定番化するリテールブランドの成長の初期段階である「マニアブランド」とは、成長の初期段階から、絶対数はそれほど多くなくとも、一定数以上のファンがついている状態を作れているブランドです。

リテールブランドの日本一号店に行列する人々は、そのブランドをかなり早い時期から知っている、あるいは、海外で利用したことがあるなどの特殊な経験を経ている人々であり、マニアックなファンであるといえます。

マニアックなファンの多くは、遠方からでもわざわざ来店し、長時間待つこともいとわず、客単価が高く、口コミやソーシャルメディアでの情報拡散にも積極的で、ブランドの立ち上げに貢献します。酷な言い方になるかもしれませんが、初期段階からこうしたファンがついていないブランドが定番化することはまずありません。リテールブランドの成長にとって、新規出店以外の初期のファン獲得努力は重要です。

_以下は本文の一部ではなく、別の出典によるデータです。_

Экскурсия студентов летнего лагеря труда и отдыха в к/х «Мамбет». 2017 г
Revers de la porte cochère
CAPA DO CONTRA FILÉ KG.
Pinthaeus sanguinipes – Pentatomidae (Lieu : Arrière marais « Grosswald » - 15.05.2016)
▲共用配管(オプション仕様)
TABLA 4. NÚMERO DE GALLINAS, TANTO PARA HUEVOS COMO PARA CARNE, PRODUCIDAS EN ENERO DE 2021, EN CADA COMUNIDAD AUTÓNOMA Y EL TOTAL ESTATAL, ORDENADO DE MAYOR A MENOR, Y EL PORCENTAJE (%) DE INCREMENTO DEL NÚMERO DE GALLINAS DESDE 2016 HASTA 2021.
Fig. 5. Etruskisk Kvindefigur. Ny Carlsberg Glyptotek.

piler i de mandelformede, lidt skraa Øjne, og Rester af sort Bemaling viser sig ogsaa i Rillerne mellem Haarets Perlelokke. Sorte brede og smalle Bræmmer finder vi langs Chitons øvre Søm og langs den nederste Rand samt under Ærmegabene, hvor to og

さて、今回の調査結果を受け、こうしたマニアックなファンは一定数以上ついているものの、まだ「人気ブランド」のステージに達していない「マニアブランド」に分類されたのは、(1)ブルーボトルコーヒー(2)ギャレット ポップコーン ショップス(3)クア・アイナ(4)タコベル(5)シェイク シャック(6)コーヒービーン&ティーリーフ(7)カールスジュニア(8)パイフェイス、の8ブランドでした。首都圏での認知度は、32.0%~10.2%と4割未満にとどまりました。

「マニアブランド」の利用経験率は、17.5%~5.5%と、2割未満にとどまりました。

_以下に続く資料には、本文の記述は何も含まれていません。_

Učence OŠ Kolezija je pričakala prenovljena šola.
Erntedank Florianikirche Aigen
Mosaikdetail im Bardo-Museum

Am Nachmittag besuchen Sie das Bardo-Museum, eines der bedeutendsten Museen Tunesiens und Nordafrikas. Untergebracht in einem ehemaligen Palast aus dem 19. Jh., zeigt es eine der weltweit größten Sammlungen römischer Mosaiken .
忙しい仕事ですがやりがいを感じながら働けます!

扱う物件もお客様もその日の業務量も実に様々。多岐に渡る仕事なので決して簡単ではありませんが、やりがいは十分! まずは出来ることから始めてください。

ブランド認知度と利用経験率は、一方だけが高まることはなく、互いに高めあう関係にあります。一時的な話題性によりブランド認知度が高まっても、出店により消費者の利用経験率をも同時に高めていかなければ、M→P→F→Sの階段を上がっていくことはできません。

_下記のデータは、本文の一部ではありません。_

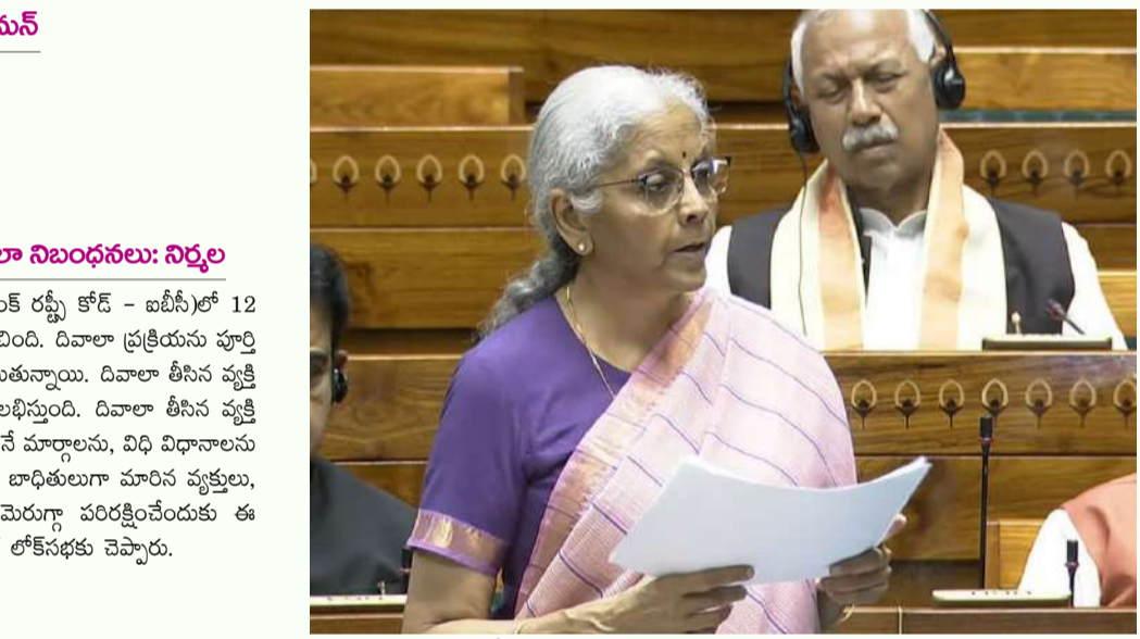
ఉండని ఆర్థిక మంత్రి నిర్వలా.

అవరోధాలకు సవాళ్లు, అంతర్జాతీయ ప్రమాణాలకు అనుగుణంగా దివాలా చట్టంలో మరొక సవరణను చేశారు. కేంద్ర ఆర్థిక మంత్రి నిర్వలా సీతారామన్ లోక్సభకు తెలిపారు. ఈ మార్పులు వల్ల దేశ బ్యాంకింగ్ రంగం ఆరోగ్యం మరింత మెరుగుపడుతుందని ఆమె చెప్పారు. ఈ సవరణ బిల్లుకు లోక్సభ సభ్యుల కమిటీ చేసిన అన్ని సిఫార్సులు ఆమోదాన్ని పొందాలని నిర్వలా వెల్లడించారు. పెట్టుబడిదారుల విశ్వాసాన్ని పెంచే ఉద్దేశంతో కార్పొరేట్ వ్యాపార గ్రూపులలో, విదేశాల్లోని వ్యక్తులు, సంస్థలతో దివాలా విషయాలను పరిష్కరించుకునే విధానాలను అందుబాటులోకి తెచ్చామన్నారు. దివాలా తీసిన వ్యక్తులు, సంస్థలు కోర్టు అవతలి వ్యవస్థల ద్వారా 150 రోజుల్లోగా పరిష్కారాలను పొందొచ్చని ఆమె తెలిపారు. నేషనల్ కంపెనీ లా (ట్రీబ్యూనల్, డెడ్లెడ్ రికవరీ ట్రీబ్యూనల్ దివాలా పిటిషన్ దాఖలైన 30 రోజుల్లోగా దాన్ని ఆమోదించడమే, తిరస్కరించడమే చేయాలనే నిబంధన కూడా నూతన సవరణల్లో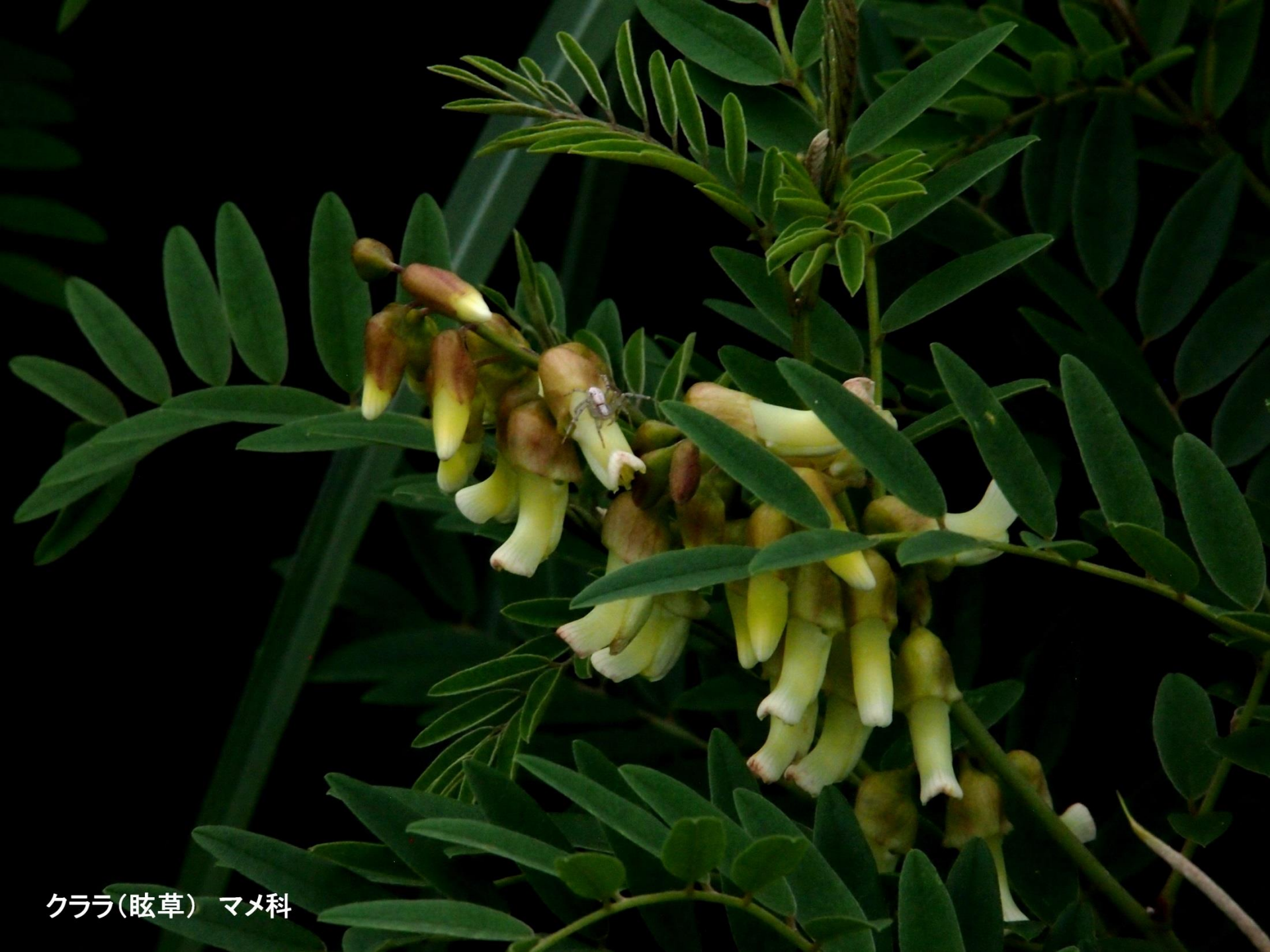
クララ(眩草) マメ科

そこで、ブランド認知度と利用経験率の関係を見ると、ブランド認知度の高さに即応した利用経験率が獲得できていないブランドは、「マニアブランド」に多く出現しました。特に、『ブルーボトルコーヒー』『シェイク シャック』『ギャレット ポップコーン ショップス』『タコベル』『カールスジュニア』の各ブランドは、“ブランドを知っている人のうち店舗を利用したことのない人”の割合が73.2%~58.5%と調査対象ブランド平均を上回り、出店が足りないことによる機会損失が推定されます。今後積極的に出店することにより、次のステージへ行けるポテンシャルが高いブランドと捉えることもできるでしょう。

以上、調査対象ブランドのMPFS分析結果のご報告でした。